Last week, a lightning strike rendered part of Amazon EC2 belonging to a single zone cutoff from the real world. I don’t want to go into whether it is an outage or not debate but towards a different kind of debate. Ever since Cloud Computing started gaining traction, we have a debate in the industry about whether the instance based setup is better or a fabric based one. I thought I will revisit this debate again in the light of the recent Amazon EC2 “it’s not an outage” incident. Let me do a brief recap of the terminologies and, then, see how the debate shapes up in the aftermath of the “Amazon lightning incident”.
Amazon jumped into Cloud Computing bandwagon with the release of raw computing power inside virtual machine containers (EC2). They are like individual servers but, rather, based on virtualization than any actual physical hardware. It is an outgrowth of VPS from the previous dedicated server era but with the added advantage of elasticity. This is a simplistic description but it gives an idea of what an Instance is in the Cloud Computing terminology. This kind of approach has its own merits and demerits. While it offers the ability to port apps without having to rewrite the code among other advantages, scaling the apps on instances are not as smooth as in the case of fabric. Also, incidents like the recent lightning strikes make us wonder if the instance based approach is well suited for the needs of startups, in particular.

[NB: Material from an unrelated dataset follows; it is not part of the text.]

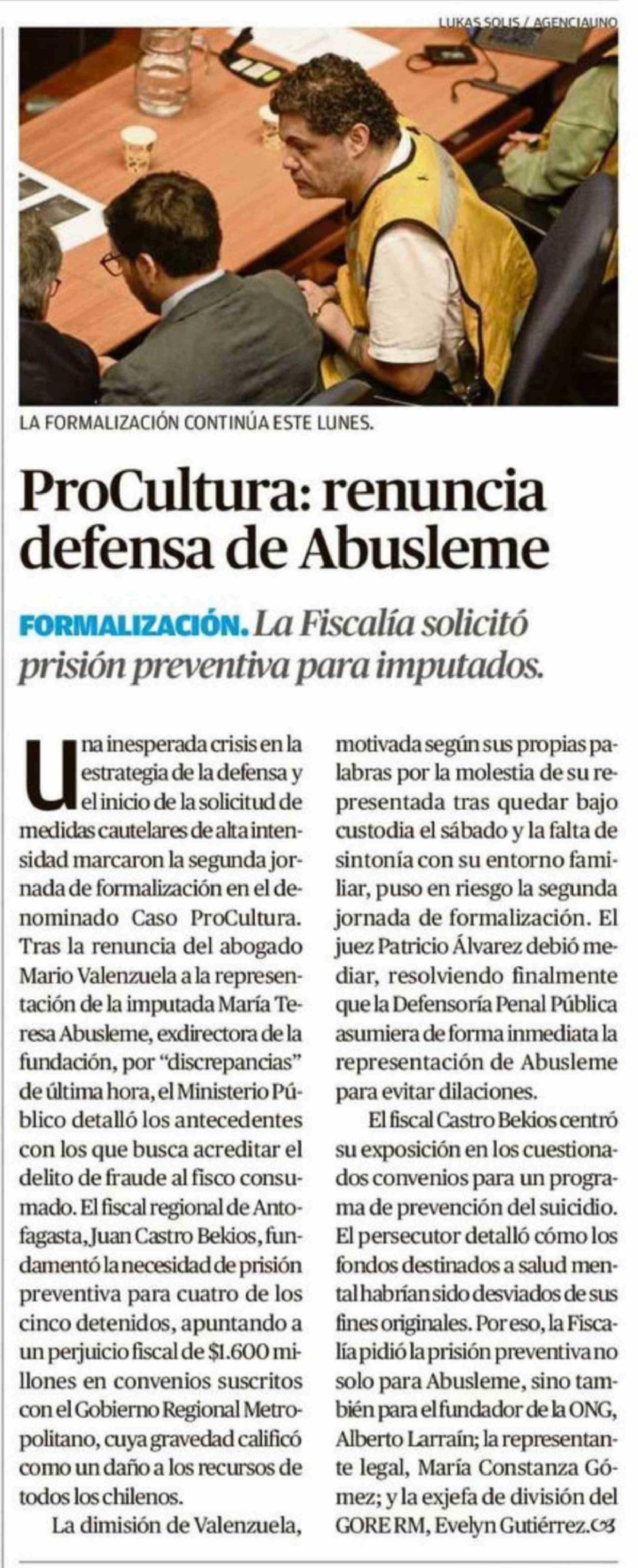ProCultura: renuncia defensa de Abusleme 02-02-2026 El Austral de Osorno |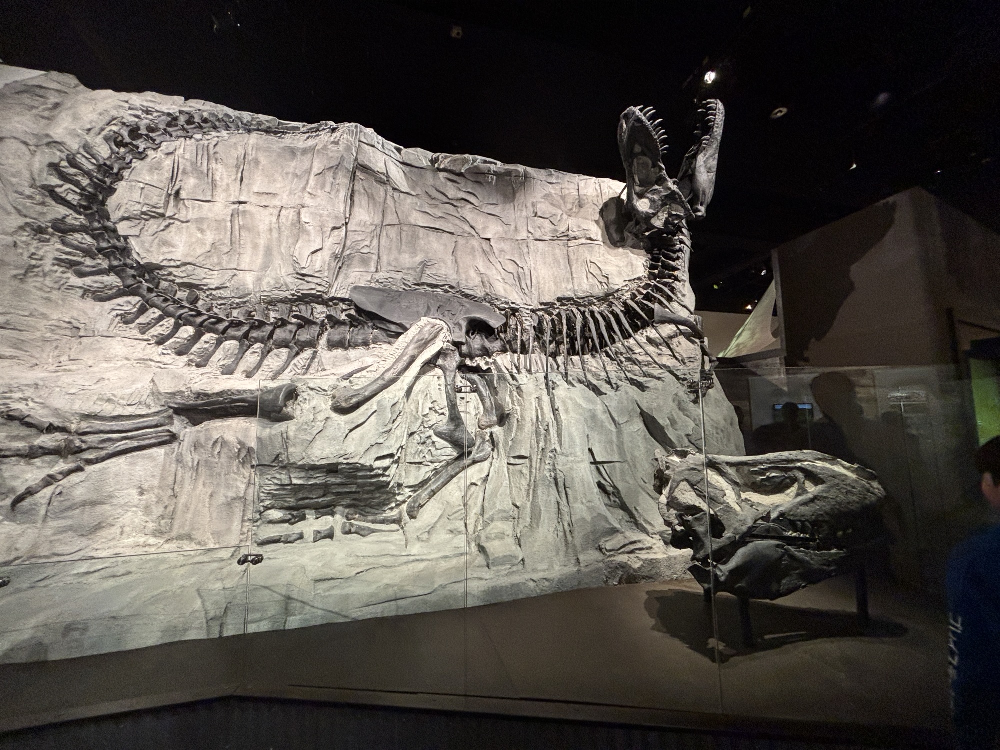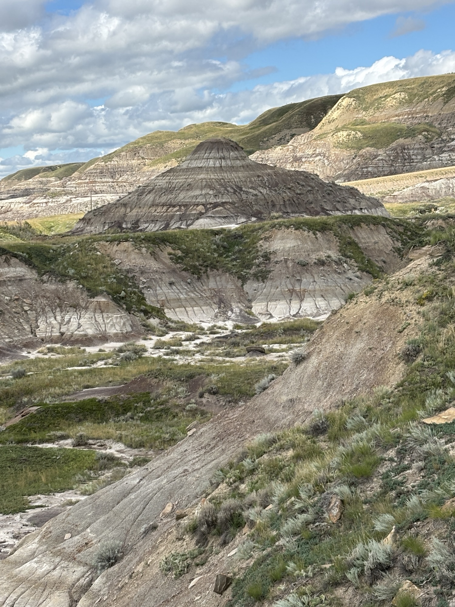 The next day was our dinosaur day. The Royal Tyrell Museum is Canada’s only museum dedicated exclusively to the study of ancient life. While it talks about all phases of life on earth, it focuses on the Mesozoic, Triassic and Jurassic eras when dinosaurs were alive. It has one of the world’s largest displays of dinosaurs. Many of the fossils have been found in the nearby area. It is very educational. There is also a short, guided walk with more views of the terrain and more hoodoos.

The other approach is called fabric based approach. In this case, all the physical and virtual infrastructure are abstracted out and attributes like transparent scaling, fault tolerance/self healing, etc. are added, thereby, offering developers an uniform fabric to work with. Some of the advantages of fabric includes linear scaling and under the hood fault tolerance. Unlike the instances, we need not worry about individual hardware or virtual machines going down. The most cited disadvantage is that there is a need for rewriting the code and a possibility of vendor lock-in. There are lots of confusion about the definition and characteristics of the Cloud Fabric but I will not dig into it right now. The above, somewhat simplistic, definition of fabric is good enough for our discussion. Some of the Cloud fabrics are closely tied to particular software develoment platform and/or vendors while others are more general in nature. For example, Google App Engine and Microsoft Azure fits into the former category. With Google App Engine, developers can only develop apps using Python and, now, Java. Both Google App Engine and Microsoft Azure can run from only the vendors’ datacenters. One cannot take them and run on Amazon EC2 Cloud or their own private datacenters. However, there are also general purpose Cloud fabrics like Appistry’s CloudIQ Platform, Gigaspaces’ eXtreme Application Platform, Eucalyptus, etc. that are not tied to a particular vendors’ datacenter and they can be installed on any public cloud and/or private datacenters. Moreover, they are, generally, vendor agnostic when it comes to supporting software development platforms. Some of them are released under proprietary licenses and others under Open Source licenses.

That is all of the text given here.